[Provided information Boundary: Start]
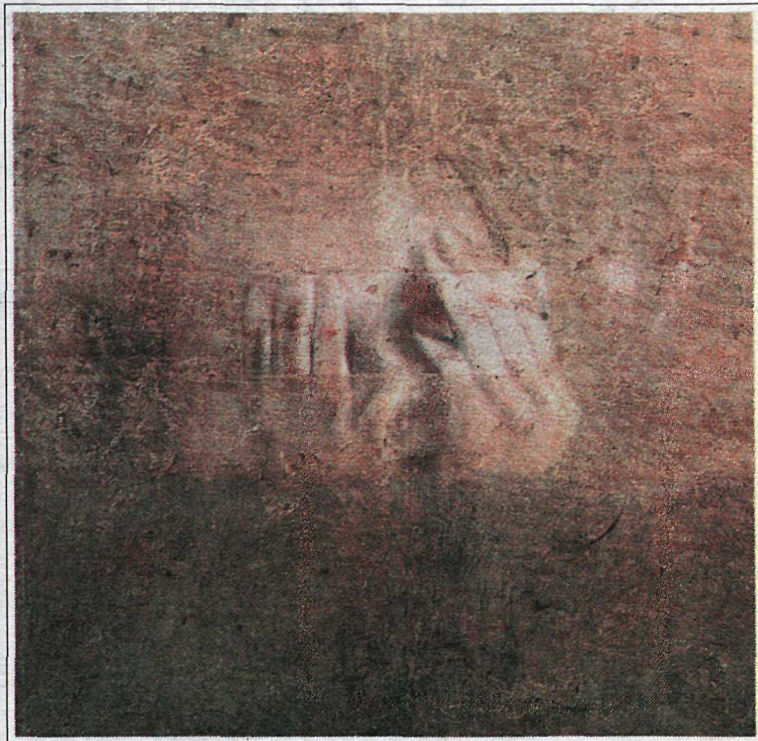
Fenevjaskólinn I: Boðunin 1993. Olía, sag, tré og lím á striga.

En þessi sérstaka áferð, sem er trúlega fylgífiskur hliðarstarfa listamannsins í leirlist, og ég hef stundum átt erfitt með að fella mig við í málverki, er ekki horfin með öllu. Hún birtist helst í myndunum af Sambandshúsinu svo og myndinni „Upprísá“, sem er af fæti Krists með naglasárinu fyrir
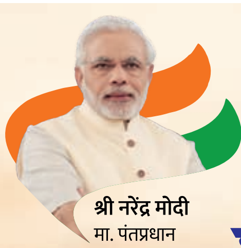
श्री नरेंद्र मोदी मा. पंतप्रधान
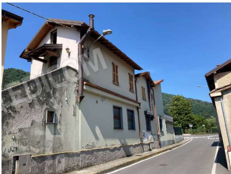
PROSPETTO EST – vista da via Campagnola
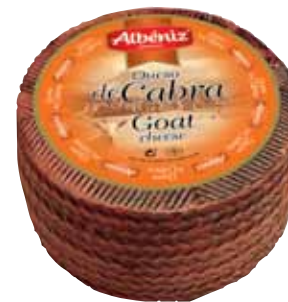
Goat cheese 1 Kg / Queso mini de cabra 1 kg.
[Provided information Boundary: End]
[Provided information Boundary: Start]
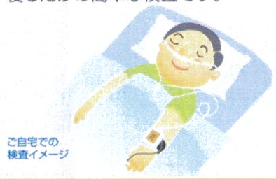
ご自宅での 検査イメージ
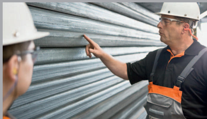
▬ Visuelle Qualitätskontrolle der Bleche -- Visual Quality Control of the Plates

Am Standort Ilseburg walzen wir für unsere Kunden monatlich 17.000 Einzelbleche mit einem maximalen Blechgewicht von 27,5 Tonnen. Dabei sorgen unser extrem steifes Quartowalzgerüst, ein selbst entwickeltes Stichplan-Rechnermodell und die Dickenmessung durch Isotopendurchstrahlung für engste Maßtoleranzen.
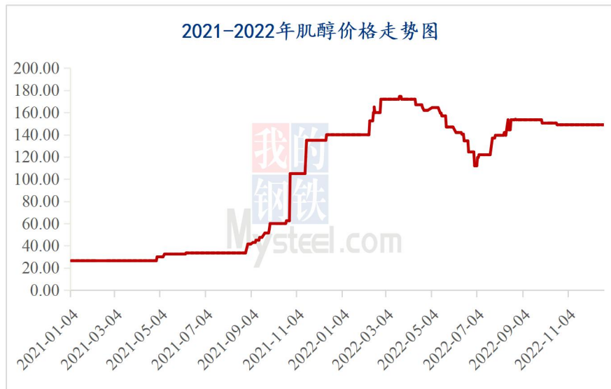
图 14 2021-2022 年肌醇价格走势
[Provided information Boundary: End]
Nothing but the lines above, starting at the line that contains "Fenevjaskólinn I: Boðunin" and ending at the line that contains "Goat cheese 1 Kg / Queso mini de cabra 1 kg.", should be given again, exactly and without the pictures.

Fenevjaskólinn I: Boðunin 1993. Olía, sag, tré og lím á striga.

En þessi sérstaka áferð, sem er trúlega fylgífiskur hliðarstarfa listamannsins í leirlist, og ég hef stundum átt erfitt með að fella mig við í málverki, er ekki horfin með öllu. Hún birtist helst í myndunum af Sambandshúsinu svo og myndinni „Upprísá“, sem er af fæti Krists með naglasárinu fyrir
श्री नरेंद्र मोदी मा. पंतप्रधान
PROSPETTO EST – vista da via Campagnola
Goat cheese 1 Kg / Queso mini de cabra 1 kg.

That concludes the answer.